Madoff war wegen seiner exzellenten Reputation in der jüdischen Gesellschaft sehr verehrt. Dort rekrutierte er in New York oder Palm Beach seine Anleger. In Palm Beach war die Nachricht von seiner Verhaftung daher eingeschlagen wie eine Bombe. Ein Teilnehmer einer jüdischen Wohltätigkeitsveranstaltung am Abend danach habe die Stimmung mit dem Untergang der Titanic verglichen, berichtet Autor Leamer. „Das Schiff sank, und die Leute schrien: ‚Ich haben dies verloren und das verloren.‘ Und alle Leute waren betrunken, selbst die, die sonst nie trinken.“
Der Verlust von Geld ist in Palm Beach vielleicht noch schlimmer als anderswo. In dem Ort, wo sich vieles, wenn nicht alles um Geld dreht, bedeutet das auch gesellschaftliche Ächtung. Margrit Bessenroth, die in Palm Beach einen Friseursalon und eine Boutique führt, erzählt von einer Kundin, die 18 Millionen Dollar verloren hat. „Die meisten reden aber nicht darüber“, sagt die Deutsche. „Wenn man viel Geld hat, ist man angesehen. Wenn man keins mehr hat, ist man nicht mehr angesehen.

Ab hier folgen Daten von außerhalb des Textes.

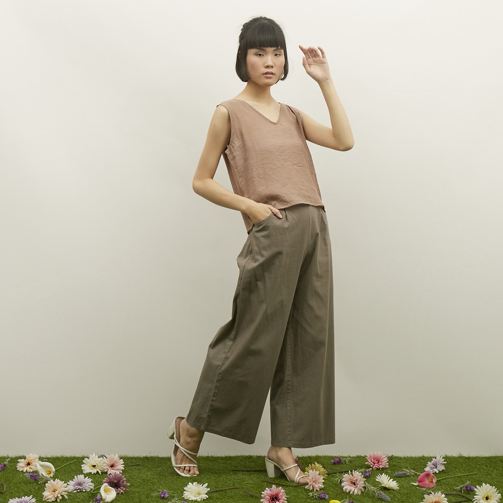 WFH Clothing Linen Peony Pants Brown - Celana Casual Wanita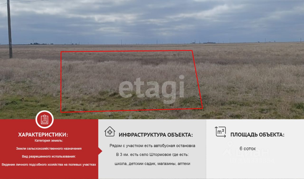 Продается участок площадью 6 соток, в 3 км. село Штормовое.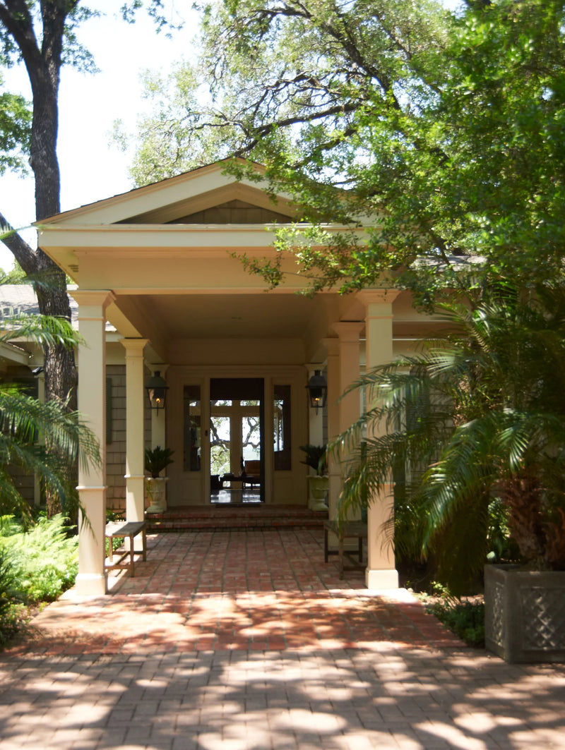 This house is positioned in an ideal spot at the end of a private road. Gardening is a genuine passion for Betty Ray, and it shows in the grounds of the property, where the landscaping is beautifully manicured. A pair of exotic palms flanks the covered entrance.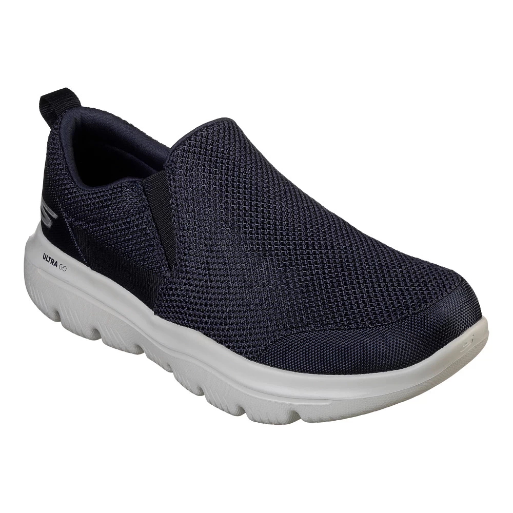 Men’s Skechers® Go Walk Evolution Ultra – Impeccable Slip-On Walking Shoes :: Take comfort to the next level in Skechers GOwalk Evolution Ultra – Impeccable walking shoes. This slip-on walking sneaker features a soft woven mesh upper with lightweight ULTRA GO cushioning midsole, Air-Cooled Goga Mat™ insole, and high-rebound Ultra Pillars for added support.

So einfach ist das hier.“
Im Dezember, als der Madoff-Skandal erstmals Schlagzeilen machte, beginnt auch der Höhepunkt des gesellschaftlichen Lebens von Palm Beach, die Saison der Bälle und Wohltätigkeitsveranstaltungen. „Normalerweise beginnt die Saison mit einer freudigen Stimmung“, sagt Adele Kahn, die seit 1971 in Palm Beach lebt. „In diesem Jahr haben wir davon nichts gespürt.“ Kahn, die in ihrem House of Kahn mit Juwelen aus Nachlässen und antikem Schmuck handelt, öffnet eine rote Schatulle, die den Blick auf ein funkelndes Stück aus Diamanten freigibt. „Das hat mit Madoff zu tun“, sagt sie, ohne den Namen der Kundin zu nennen, die ihr das Halsband verkaufen musste. Miss Kahn stellt ihren Kunden keine Fragen.
„We got hurt“
Diskretion ist Teil ihres Geschäfts. „Man darf den Leuten nicht den Stolz nehmen“, sagt sie. Aber die Frau mit der roten Schatulle hatte ihr den Grund für den Notverkauf dennoch anvertraut. „We got hurt“ – wir sind verletzt worden“, habe sie gesagt, berichtet Kahn. Sie benutzt dieses Wort – hurt – häufig, wenn die Rede auf Madoffs Opfer kommt. Es ist eine ungewöhnliche Wortwahl. Genauso gut könnte sie davon reden, dass die Opfer Geld verloren haben oder pleite sind. Hurt geht tiefer – verletzen oder auch kränken bedeutet es.
Wer in der Welt von Palm Beach seine Diamanten verkaufen muss, ist besonders verzweifelt. „Juwelen sind das Letzte, von dem sich die Leute trennen“, weiß Kahn. Kahn, selber Jüdin, wird ungehalten, wenn sie über den Juden Madoff redet. „Warum musste er das Geld von seinen eigenen Leuten nehmen? Ich habe mehr Respekt für die Mafia als für Madoff“, schimpft sie.
Madoffs Jagdgrund in Florida war der Palm Beach Country Club. Der Golfclub in bester Lage am Atlantik, vor dem die amerikanische Flagge weht und Karossen der Marken Bentley und Lexus parken, war einst gegründet worden, weil Juden in den Clubs der protestantischen Elite keinen Zugang hatten – und immer noch nicht haben.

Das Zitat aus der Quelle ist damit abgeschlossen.